Hyperspell

Hyperspell is a memory management platform for AI applications, providing persistent memory and context management for LLM-powered products. Respan gives you full observability over how context is stored, retrieved, and used across conversations.

Create an account at platform.respan.ai and grab an API key.

Run npx @respan/cli setup to set up with your coding agent.

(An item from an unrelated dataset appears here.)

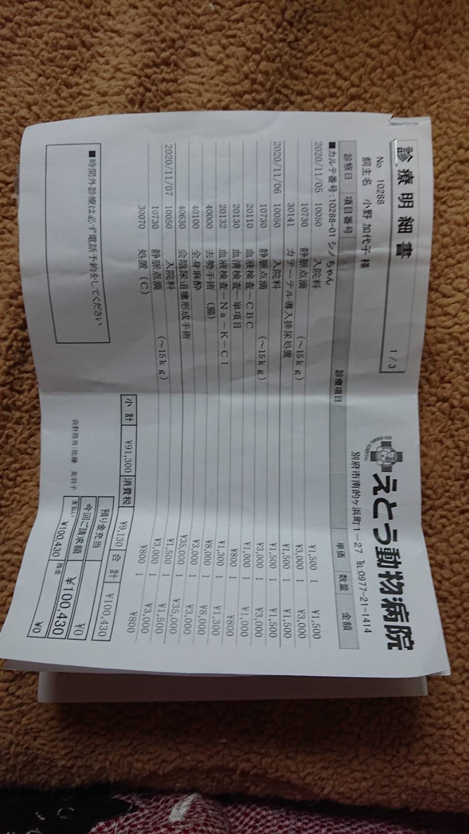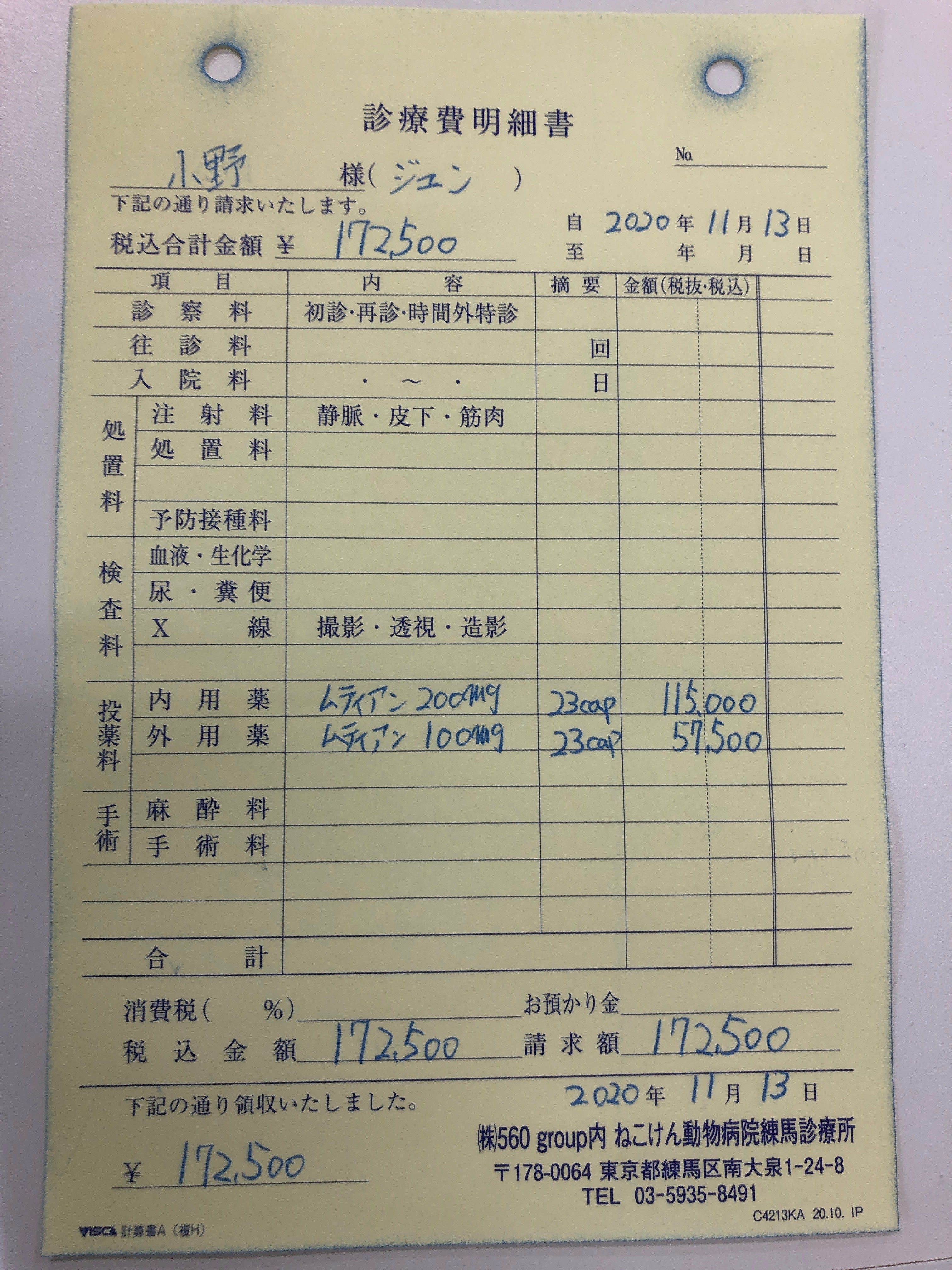 MUTIAN薬代165000円(1ヶ月分)×約84日分×2匹分

Hyperspell doesn’t expose a Python instrumentor. Wrap your memory operations in @task and @workflow decorators to trace them with Respan.

Setup

1

Install dependencies

$pip install respan-ai hyperspell
2

Set environment variables

$export HYPERSPELL_API_KEY="YOUR_HYPERSPELL_API_KEY"
$export RESPAN_API_KEY="YOUR_RESPAN_API_KEY"

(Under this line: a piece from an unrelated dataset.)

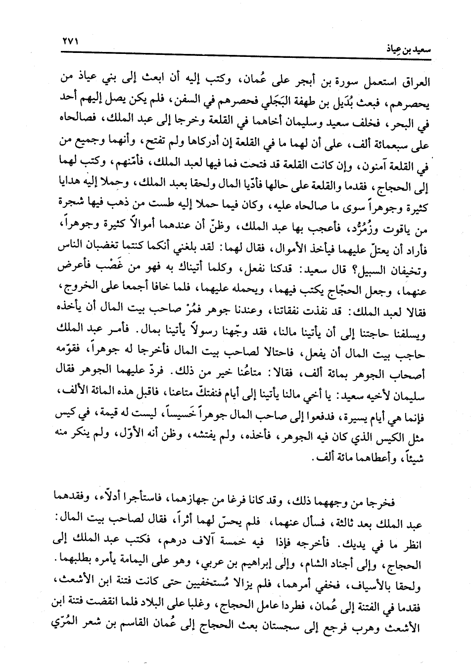العراق استعمل سورة بن أبجر على عمان وكتب إليه أن ابعث إلى بني عياذ من يحصرهم فبعث بديل بن طهفة البجلي فحصرهم في السفن فلم يكن يصل إليهم أحد في البحر فخلف سعيد وسليمان أخاهما في القلعة وخرجا إلى عبد الملك فصالحاه على سبعمائة ألف على أن لهما ما في القلعة إن أدركاها ولم تفتح وأنهما وجميع من في القلعة آمنون وإن كانت القلعة قد فتحت فما فيها لعبد الملك فأمنهم وكتب لهما إلى الحجاج فقدما والقلعة على حالها فأديا المال ولحقا بعبد الملك وحملا إليه هدايا كثيرة وجوهرا سوى ما صالحاه عليه وكان فيما حملا إليه طست من ذهب فيها شجرة من ياقوت وزمرد فأعجب بها عبد الملك وظن أن عندهما أموالا كثيرة وجوهرا فأراد أن يعتل عليهما فيأخذ الأموال فقال لهما لقد بلغني أنكما كنتما تغضبان الناس وتخيفان السبيل قال سعيد قد كنا نفعل وكلما أتيناك به فهو من غضب فأعرض عنهما وجعل االحجاج يكتب فيهما ويحمله عليهما فلما خافا أجمعا على الخروج فقالا لعبد الملك قد نفذت نفقاتنا وعندنا جوهر فمر صاحب بيت المال أن يأخذه ويسلفنا حاجتنا إلى أن يأتينا مالنا فقد وجهنا رسولا يأتينا بمال فأمر عبد الملك حاجب بيت المال أن يفعل فاحتالا لصاحب بيت المال فأخرجا له جوهرا فقومه أصحاب الجوهر بمائة ألف فقالا متاعنا خير من ذلك فرد عليهما الجوهر فقال سليمان لأخيه سعيد يا أخي ما لنا يأتينا إلى أيام فنفتك متاعنا فأقبل هذه المائة الألف فإنما هي أيام يسيرة فدفعوا إلى صاحب المال جوهرا خسيسا ليست له قيمة في كيس مثل الكيس الذي كان فيه الجوهر فأخذه ولم يفتشه وظن أنه الأول ولم ينكر منه شيئا وأعطاهما مائة ألف فخرجا من وجههما ذلك وقد كانا فرغا من جهازهما فاستأجرا أدلاء وفقدهما عبد الملك بعد ثالثة فسأل عنهما فلم يحس لهما أثرا فقال لصاحب بيت المال انظر ما في يديك فأخرجه فإذا فيه خمسة آلاف درهم فكتب عبد الملك إلى الحجاج وإلى أجناد الشام وإلى إبراهيم بن عربي وهو على اليمامة يأمره بطلبهما ولحقا بالأسياف فخفي أمرهما فلم يزالا مستخفين حتى كانت فتنة ابن الأشعث فقدما في الفتنة إلى عمان فطردا عامل الحجاج وغلبا على البلاد فلما انقضت فتنة ابن الأشعث وهرب فرجع إلى سجستان بعث الحجاج إلى عمان القاسم بن شعر المري

HYPERSPELL_API_KEY is used for memory operations. RESPAN_API_KEY is used to export traces to Respan.

3

Initialize and run

1import os
2from hyperspell import Hyperspell
3from respan import Respan, workflow, task
4
5respan = Respan()
6client = Hyperspell(api_key=os.environ["HYPERSPELL_API_KEY"])
7
8@task(name="store_memory")
9def store_memory(user_id: str, content: str):
10 return client.memories.create(user_id=user_id, content=content)
11
12@task(name="retrieve_memory")
13def retrieve_memory(user_id: str, query: str):
14 return client.memories.search(user_id=user_id, query=query)
15
16@workflow(name="memory_workflow")
17def memory_workflow():
18 store_memory("user_123", "I prefer Python over JavaScript.")
19 return retrieve_memory("user_123", "programming language preference")
20
21print(memory_workflow())
22respan.flush()
4

View your trace

Open the Traces page to see your memory workflow with store, retrieve, and search spans.

Configuration

ParameterTypeDefaultDescription
api_keystr | NoneNoneFalls back to RESPAN_API_KEY env var.
base_urlstr | NoneNoneFalls back to RESPAN_BASE_URL env var.
customer_identifierstr | NoneNoneDefault customer identifier for all spans.
metadatadict | NoneNoneDefault metadata attached to all spans.
environmentstr | NoneNoneEnvironment tag (e.g. "production").

Attributes

With propagate_attributes

1from respan import Respan, propagate_attributes
2
3respan = Respan()
4
5def handle_request(user_id: str, query: str):
6 with propagate_attributes(
7 customer_identifier=user_id,
8 thread_identifier="conv_abc_123",
9 metadata={"plan": "pro"},
10 ):
11 return retrieve_memory(user_id, query)
AttributeTypeDescription
customer_identifierstrIdentifies the end user in Respan analytics.
thread_identifierstrGroups related messages into a conversation.
metadatadictCustom key-value pairs. Merged with default metadata.